As we got into the year of 2011, the economy sputtered around. The Tea Party, Republicans, Democrats, and other factions real or imagined simply couldn’t figure out ways to play nicely together. The ratings agencies got their revenge for having their hands slapped by the Feds. Europe became highly problematic: nobody over there could figure how to play nicely together either.
The most exciting thing about 2011 in commercial real estate was the resurgence of rental housing. With a housing market in continued shambles and with potential buyers scared away from putting equity into a losing proposition, others not affording to buy, and others in distressed /foreclosure/bankruptcy situations, apartment rentals and thus, apartment buildings, became the darling of investors with consequent increases in rents, declining vacancies, bid up prices, and pushed down cap rates. Not real sexy stuff but it helps make payroll until more juicy stuff turns up. More on that later.
For the Year 2012, my sources fell into the following categories. A/ Same as last year (safe, but boring); B/ Worse than last (small minority); C/ Better than last year, marginally (that was the “safe bet” group; and D/ It will be an “interesting” year (what does that mean exactly?).
These are not useful responses! Where is the creativity, where is the excitement? If there is any to be had, people are keeping it close to their chests. So, either a bunch of these folks have got perfectly exciting (and potentially profitable) things going on and are not saying or it’s going to be a boring year. Or, it may be a worst case year.

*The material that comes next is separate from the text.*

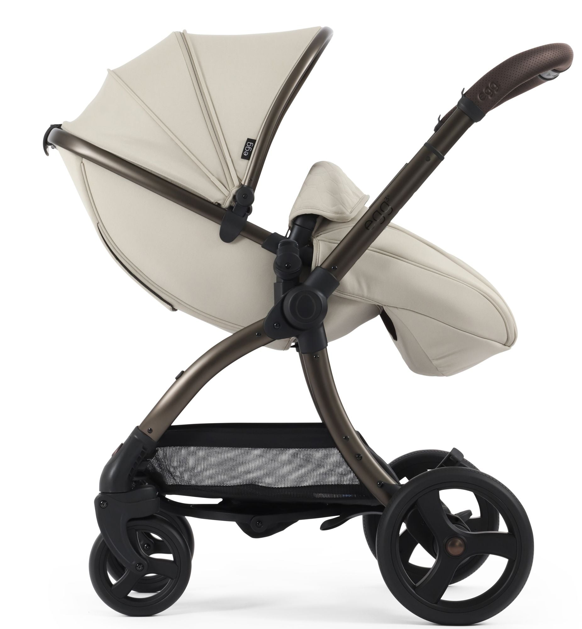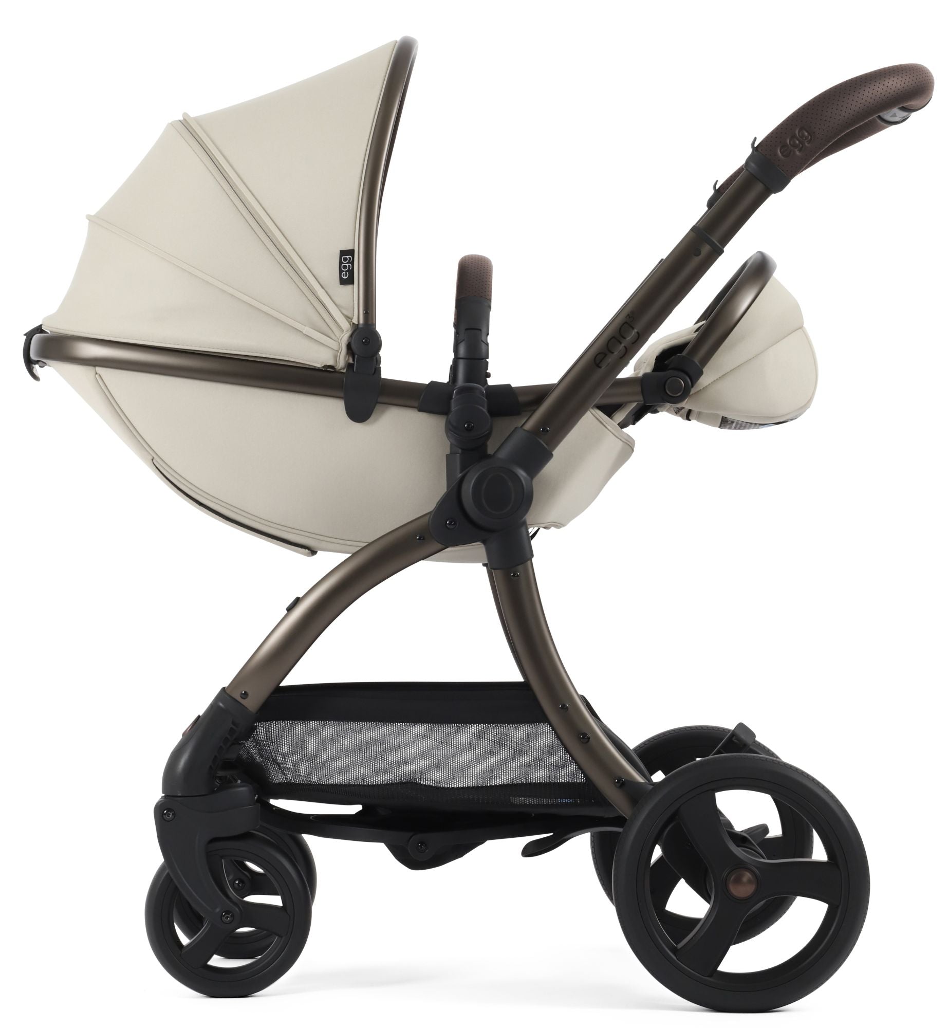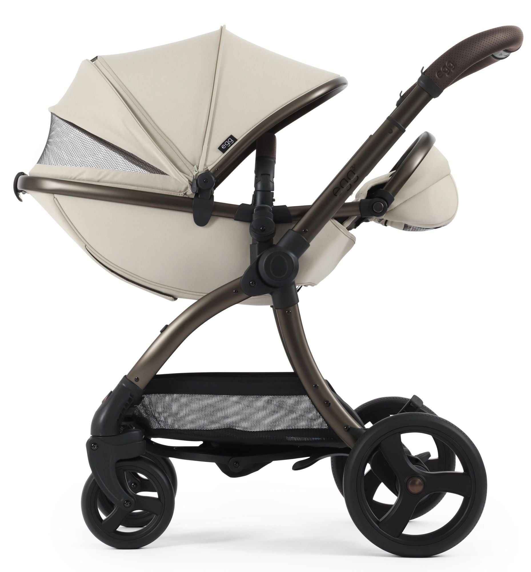 - Stroller includes: Rain cover, insect net, apron and reversible fleece liner. Suitable from 6 months to 25kg (from birth with the egg3® carrycot).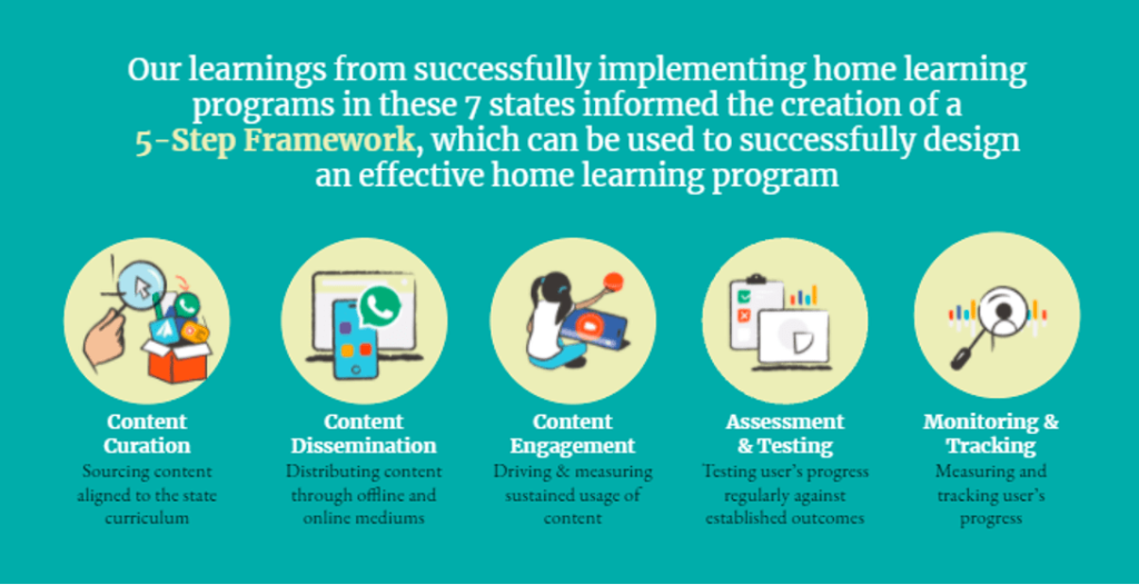 Recently, Central Square Foundation along with the Boston Consulting Group, Leadership for Equity, and Samagra launched the “Home Learning Playbook” in which we examined home-learning initiatives of seven Indian states and identified key learnings from them. The playbook proposes a five step framework which can be used to successfully implement home-learning programs across India (refer to figure 2).

I hope the former is the case and all sorts of exciting, new, and groundbreaking deals are going to be all over town. Probably, though, it’s just going to be a somewhat boring year but everybody will be taking care of business and that there will be business to be had.
That’s the way I’m going to look at next year. It won’t be a lot of fun, but it won’t be awful, and I wish everybody to do some business, get some deals done, and enjoy what is real, reachable, and not to lust after the unattainable.